Il y avait de quoi triompher, et nos deux anciens clercs de l’étude Deban durent croire qu’ils avaient atteint leur but. Roland avait été frappé tout d’un coup et au dernier moment. Jusqu’au dernier moment il avait gardé son air de froide indifférence, à tel point que Comayrol lui-même avait un instant désespéré.

Mais le nom de la Davot avait amené du sang à sa joue pâle.

Et à ce fait, péremptoirement annoncé, que les habits de la Davot ne se trouvaient plus dans son armoire, il avait tressailli et pâli de nouveau.

Son étonnement était désormais si profond et si violent, qu’il ne prenait même point la peine de le cacher.

Il se leva après un court silence, et mit une clé dans la serrure d’une armoire d’attache qui était à gauche en entrant.

Comayrol et Jaffret échangèrent une œillade victorieuse, dès qu’il eut le dos tourné.

— Touché ! dit Comayrol.

— En plein bois ! ajouta Jaffret qui se frotta les mains sans bruit. L’idée d’avoir pincé les nippes était assez mignonne.

— Très forte !… Veux-tu que je lui dise : C’est mon copain Jaffret qui en est l’aimable auteur.
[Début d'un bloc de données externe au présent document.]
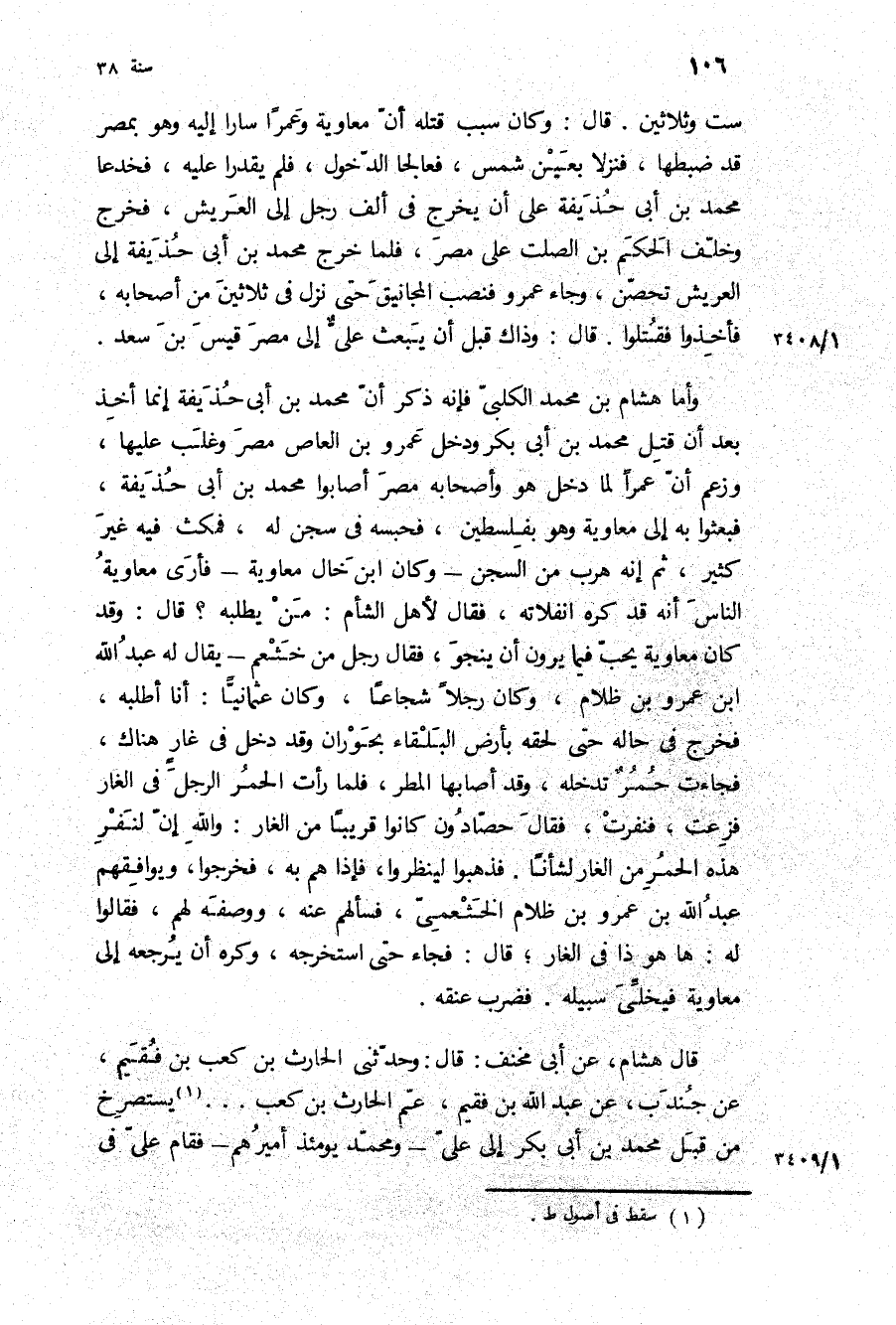 وأما هِشَام بْن مُحَمَّد الكلبي فإنه ذكر أن مُحَمَّد بن أبي حُذَيْفَة إنما أخذ بعد أن قتل مُحَمَّد بن أبي بكر ودخل عَمْرو بن الْعَاصِ مصر وغلب عَلَيْهَا، وزعم أن عمرا لما دخل هُوَ وأَصْحَابه مصر أصابوا مُحَمَّد بن أبي حُذَيْفَة، فبعثوا بِهِ إِلَى مُعَاوِيَةَ وَهُوَ بفلسطين، فحبسه فِي سجن لَهُ، فمكث فِيهِ غير كثير، ثُمَّ إنه هرب من السجن- وَكَانَ ابن خال مُعَاوِيَة- فأرى مُعَاوِيَة الناس أنه قَدْ كره انفلاته، فَقَالَ لأهل الشام: من يطلبه؟ قَالَ: وَقَدْ كَانَ مُعَاوِيَة يحب فِيمَا يرون أن ينجو، فَقَالَ رجل من خثعم- يقال له عبد الله ابن عَمْرو بن ظلام، وَكَانَ رجلا شجاعا، وَكَانَ عثمانيا: أنا أطلبه فخرج فِي حالة حَتَّى لحقه بأرض البلقاء بحوران وَقَدْ دخل فِي غار هُنَاكَ، فجاءت حمر تدخله، وَقَدْ أصابها المطر، فلما رأت الحمر الرجل فِي الغار فزعت، فنفرت، فَقَالَ حصادون كَانُوا قريبا من الغار: وَاللَّهِ إن لنفر هَذِهِ الحمر من الغار لشأنا فذهبوا لينظروا، فإذا هم بِهِ، فخرجوا، ويوافقهم عَبْد اللَّهِ بن عَمْرو بن ظلام الخثعمي، فسألهم عنه، ووصفه لَهُمْ، فَقَالُوا له: ها هو ذا فِي الغار، قَالَ: فَجَاءَ حَتَّى استخرجه، وكره أن يرجعه إِلَى مُعَاوِيَةَ فيخلي سبيله فضرب عنقه قَالَ هِشَام، عن أبي مخنف: قَالَ: وَحَدَّثَنِي الْحَارِث بن كعب بن فقيم، عن جندب، عن عَبْد اللَّهِ بن فقيم، عم الْحَارِث بن كعب يستصرخ من قبل مُحَمَّد بن أبي بكر إِلَى علي- ومُحَمَّد يَوْمَئِذٍ أميرهم- فقام علي فِي

— La paix ! fit l’ami des oiseaux ; je n’aimerais pas plaisanter avec ce garçon-là ! Il a du talent.

— Il est superbe ! Et encore nous ne savons pas tout ! Le gaillard doit cacher sous roche une anguille d’une terrible longueur !
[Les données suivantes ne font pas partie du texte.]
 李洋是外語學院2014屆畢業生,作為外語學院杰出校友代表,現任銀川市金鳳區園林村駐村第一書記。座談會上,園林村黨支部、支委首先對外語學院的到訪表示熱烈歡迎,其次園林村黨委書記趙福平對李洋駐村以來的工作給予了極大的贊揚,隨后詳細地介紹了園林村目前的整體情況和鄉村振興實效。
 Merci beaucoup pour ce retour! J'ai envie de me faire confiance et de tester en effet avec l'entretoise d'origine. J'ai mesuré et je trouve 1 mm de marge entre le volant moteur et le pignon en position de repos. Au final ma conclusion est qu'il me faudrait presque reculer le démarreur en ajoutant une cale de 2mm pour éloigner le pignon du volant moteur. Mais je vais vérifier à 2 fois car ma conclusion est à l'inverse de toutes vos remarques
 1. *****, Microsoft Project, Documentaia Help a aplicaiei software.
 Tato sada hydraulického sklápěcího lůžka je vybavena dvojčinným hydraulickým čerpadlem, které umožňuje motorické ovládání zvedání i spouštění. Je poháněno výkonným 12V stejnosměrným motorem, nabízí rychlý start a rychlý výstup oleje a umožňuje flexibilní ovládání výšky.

— Un boa !… Mais chut ! Il a fait sa revue.

Roland refermait l’armoire d’un geste courroucé, après l’avoir inspectée.

Il ne se retournait point, cependant ; il semblait songer.

— Et il était temps d’arriver ! poursuivit Comayrol. La comtesse avait pris les devants avec son Annibal !

— Tant que celle-là travaillera, murmura le bon Jaffret en soupirant, on aura bien de la peine à gagner sa vie !

— Messieurs, dit Roland qui revenait à eux le visage pensif, mais nullement déconcerté, je suppose que vous êtes des gens singulièrement habiles, quoiqu’il ne soit pas très malaisé de soustraire quelques vêtements oubliés dans une maison isolée, chez un homme sans défiance, à qui ces pauvres dépouilles n’importaient point, — sinon comme souvenirs ; mais fussiez-vous cent fois plus habiles, eussiez-vous, réunies, toutes les qualités qui font les grands diplomates et les dangereux criminels, qui font aussi les limiers fins, les juges clairvoyants, les tacticiens vainqueurs, vous resteriez encore aux antipodes de la vérité pour ce qui me regarde. Vous êtes ici en face d’un problème inouï ; vous m’entendez bien : inouï ! Cet homme qu’on accusait d’avoir visé son ennemi à soixante-quinze pas et qui était aveugle, cet autre à qui l’on imputait d’avoir crié vive l’empereur prisonnier ou vive le roi en exil et qui était muet, cet autre encore à qui l’on disait : vous avez frappé avec le poignard, et qui montrait ses deux épaules sans bras, toutes ces curiosités familières aux personnes de votre sorte, ces fleurs du jardin botanique du crime où croissent les alibis grossiers et ces autres impossibilités plus subtiles qu’on pourrait appeler des alibis métaphysiques, tous les anas de cour d’assises, toutes les beautés de l’histoire correctionnelle vous paraîtraient de purs enfantillages en comparaison de mon cas. Un cas prodigieux ! Vous n’y comprenez rien, c’est moi qui vous le dis, vous n’y pouvez rien comprendre. Je vous donnerais vingt-cinq ans pour deviner le mot de l’énigme que vous jetteriez votre langue aux chiens !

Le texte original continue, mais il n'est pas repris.